Semantic Conflict
4 August 2011
Those who hear my colleagues and I talk about FeatureBranch know that we're not big fans of that pattern. An important part of our objection is the observation that branching is easy, but merging is hard. One argument we hear from time to time is that modern VersionControlTools make merging sufficiently easy that feature branching is worthwhile.
Certainly modern tools do a much better job of merging than in my
youth. A good example of this power is merge-through-rename
which can properly merge the situation where I change some of the contents of
lorem.rb
, while Jez changes its name to
ipsum.rb
.
This is all very well, but it only solves textual conflicts and does not help with semantic conflicts. By a semantic conflict I mean a situation where Jez and I make changes which can be safely merged on a textual level but cause the program to behave differently
The simplest example is that of renaming a function. Say I think
that the method clcBl
would be easier to work with if
it were called
calculateBill
. With modern refactoring tools this is
trivial: just press Shift+F6, type the new name, and the tool then
changes all the callers. The problem appears, however, if Jez adds
more calls to this method on his feature branch. When the two get
merged, the textual merge will work fine, but the program will not
run the same way.
A method rename is a simple example, and is also easy to find in
a statically typed language as it will fail to compile. But there
are plenty of subtler semantic conflicts that won't merge so
cleanly. Let's imagine I'm looking at that
calculateBill
method and realize that as well as
calculating the bill, it also sends off accounting entries to the
accounting system. I don't like the side effect, so I pull it
out into a separate notifyAccounting
method. I can then
find all the callers of calculateBill and add a call to
notifyAccounting
. But Jez doesn't know about that in
his branch.
So the first point here is that however powerful your tooling is, it will only protect you from textual conflicts 1. The particularly annoying point is that semantic conflicts are harder to spot and harder to fix.
1: And if we change the exact same text, the merge tool usually can't help either unless you have something like git rerere. But that problem is much smaller than semantic conflicts.
We can't automatically resolve semantic conflicts. Maybe some day tools will be able to tackle some of them, but I suspect some gnarly ones will always be with us - at least until computers can read our mind and automatically deduce our intentions. There are, however, a couple of strategies that can significantly help us deal with them
The first of these is SelfTestingCode. Tests are effectively probing our code to see if their view of the code's semantics are consistent with what the code actually does. If Jez is expecting certain things to happen with the code he's calling and has tests for that, then they will break when he integrates. It's not a perfect response, of course. Tests can never be perfect, but they catch lots of semantic conflicts in practice. They also don't help with fixing the conflict once you've discovered it, but finding it is a big part of the battle
The other technique that helps is to merge more often. Jez's difficulties are much less if he discovers my change in a few hours rather than in a few days. That way he's no longer building a lot of code on the old semantics. This is why we are such big fans of continuous integration.
There seem to be two groups of people who promote the notion of tools make feature branching tolerable. One is purveyors of “enterprise grade” VCSs. We don't really care about them. The other group is fans of DVCSs (Distributed Version Control Systems). I get a bit more concerned about the latter group. Often people try to justify DVCSs based on how they make feature branching easy. But that misses the issues of semantic conflicts 2. There are lots of good reasons to use a DVCS, so there's no reason to couple a good tool to a problematic technique.

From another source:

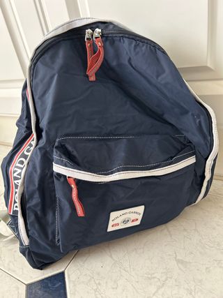 Mochila con diseño deportivo y práctico, perfecta para llevar tus pertenencias. - Cierre principal con cremallera. - Bolsillo frontal con cremallera. - Tira de cinta con logo en el lateral. - Tiradores de cremallera con detalle de color.
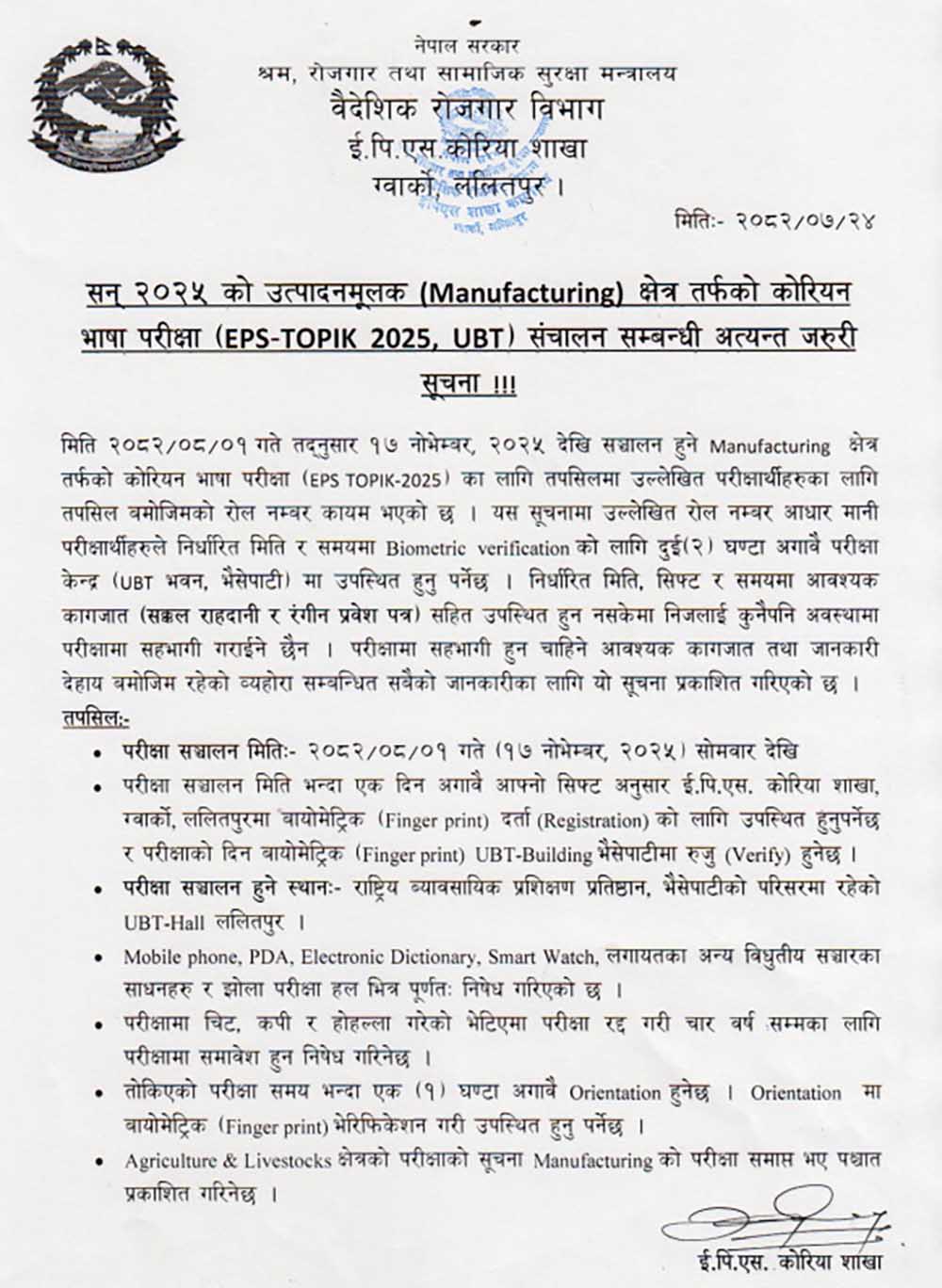 तर, कोरियामा कामदारको माग अनुसार उत्तीर्ण संख्या थपघट हुन सक्नेछ । एक दिनमा बढीमा ५ सिफ्ट गरी परीक्षा सञ्चालन हुने शाखाले जानकारी दिएको छ ।

2: If your features are built quickly, within a couple of days, then you'll run into less semantic conflicts (and if less than a day, then it's in effect the same as CI). However we don't see such short feature branches very often.
Notes
1: And if we change the exact same text, the merge tool usually can't help either unless you have something like git rerere. But that problem is much smaller than semantic conflicts.
2: If your features are built quickly, within a couple of days, then you'll run into less semantic conflicts (and if less than a day, then it's in effect the same as CI). However we don't see such short feature branches very often.